The format of a mapping statement is:
<char_symbol> encoding
An encoding is specified as one or more character constants, with the
maximum number of character constants specified by the <mb_cur_max>
special symbolic name. The encoding may be listed as decimal, octal,
or hexadecimal constants with the following formats:
Hexadecimal constant
\xxx, where x is a hexadecimal digit
Octal constant
\ooo or \oo, where o is an octal digit
Decimal constant
\dddd or \ddd, where d is a decimal digit
Some examples of character symbol definitions are the following:
<A> \d65 #decimal constant
<B> \x42 #hexadecimal constant
<j10101> \x81\xA1 #multiple hexadecimal constants
A range of symbolic names and corresponding encoded values may also be
defined, where the nonnumeric prefix for each symbolic name is common,
and the numeric portion of the second symbolic name is equal to or
greater than the numeric portion of the first symbolic name. In this
format, a symbolic name value consists of zero or more nonnumeric
characters followed by an integer of one or more decimal digits.

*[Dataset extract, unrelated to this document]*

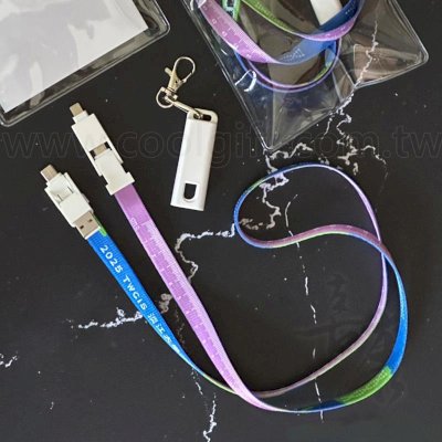 ※充電線可正面彩印企業形象LOGO設計圖,背面印刷刻度尺,支援多頭充電頭功能多多好方便。 ※出貨不含卡套請另購。 掛繩尺寸約:繩長約92CM、寬均為1.2CM 材質:ABS + 滌綸掛繩 包裝:白色封口膠袋 功能:充電+資料傳輸+OTG手機對充 充電頭:microUSB+Lightning/Type-C with OTG USB可以給:microUSB+Lightning+Type-C三種插孔充電或傳輸. OTG手機Type-C插孔可以給:microUSB+Lightning+Type-C三種插孔之間充電或傳輸. 規格:四芯,92支漆包銅,直徑:0.08 標準電流:1.5A 最大2A,電壓.電流等設計參數完全符合Apple標準 安卓Micro和蘋果Lightning充電頭是共用,一面為安卓插頭,另一面為蘋果Lightning插頭 ※關於Type-C OTG功能: 左邊USB頭處的Type-C接頭的就一定是要有TYPEC頭的手機才可以插入,然後右邊三個接頭(microUSB+Iphone5/Type-C )可以任選一個接頭插入手機,然後兩臺手機之間可以相互充電、數據傳輸,即是說左邊的一定是要TYPEC頭的手機,右邊的可以用三個接頭(microUSB+Iphone5/Type-C )的任一種。 可:Type-C Type-C 或:Type-C Micro 或:Type-C Iphone5接頭 Lightning:適用於iP5/5C/5S,6/6Plus,7/7Plus,8/8Plus,iP X/Xs Max/Xs/Xr/等Lightning介面的手機或平板. 特性: 1.四種配置接頭,可應付各種場合 2.織帶掛繩,可印上專屬LOGO 3.卡槽設計-一體成形,卡的穩不易掉落 4.柔韌吊帶-任意彎曲,親膚不勒脖子 5.接頭耐插拔 ※產品上圖文標章僅供參考,若欲使用,須取得授權 ※LOGO客製方式:掛繩充電線雙面彩印

This format defines a series of symbolic names. For example, the
string <j0101>...<j0104> is interpreted as the <j0101>, <j0102>,
<j0103>, and <j0104> symbolic names, in that order.
In statements defining ranges of symbolic names, the encoded value
listed is the value for the first symbolic name in the range.

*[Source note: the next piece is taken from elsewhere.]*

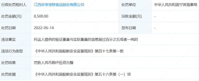 企查查平台信息显示,江西华亨宠物食品股份有限公司成立于2011年5月19日,法定代表人周青标,企业地址为江西省九江市瑞昌黄金工业园南区东环路。2022年6月14日,该司因托运人提供的验证重量与实际重量的误差超过百分之五或者一吨,被中华人民共和国宁波海事局罚款8500元。
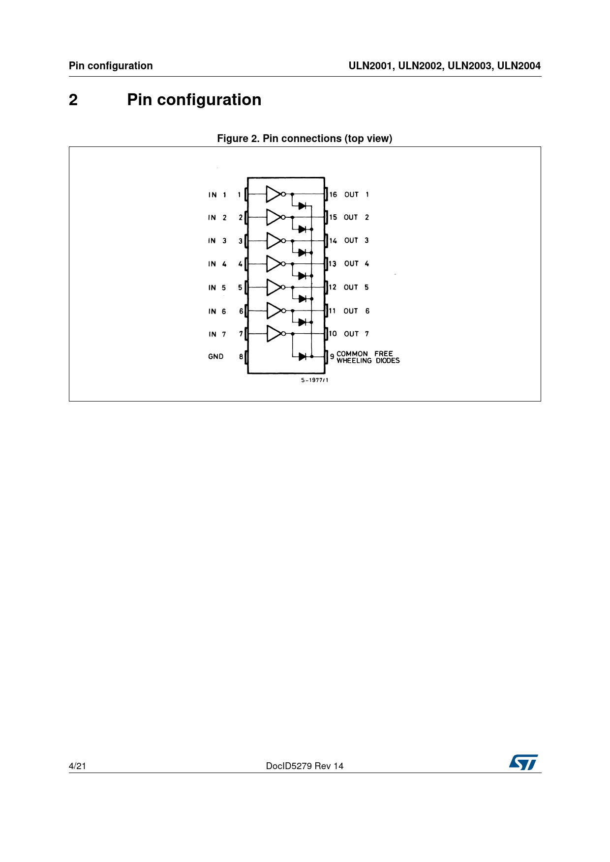 | Seiten / Seite | 21 / 4 — Pin configuration. ULN2001, ULN2002, ULN2003, ULN2004. Figure 2. Pin … |

Subsequent symbolic names have encoded values in increasing order.
For example:
<j0101>...<j0104> \d129\d254
The preceding statement is interpreted as follows:
<j0101> \d129\d254
<j0102> \d129\d255
<j0103> \d130\d0
<j0104> \d130\d1
Although you cannot assign multiple encodings to one symbolic name,
you can create multiple names for one encoded value. This is allowed
because some characters have several common names. For example, the
"." character is called a period in some parts of the world, and a
full stop in others. Both names may appear in the charmap. For
example:
<period> \x2e
<full-stop> \x2e
If used, comments must begin with the character specified by the
<comment_char> special symbolic name. When an entire line is a
comment, you must specify <comment_char> in the first column of the
line.
· The END CHARMAP trailer
This entry denotes the end of character map statements.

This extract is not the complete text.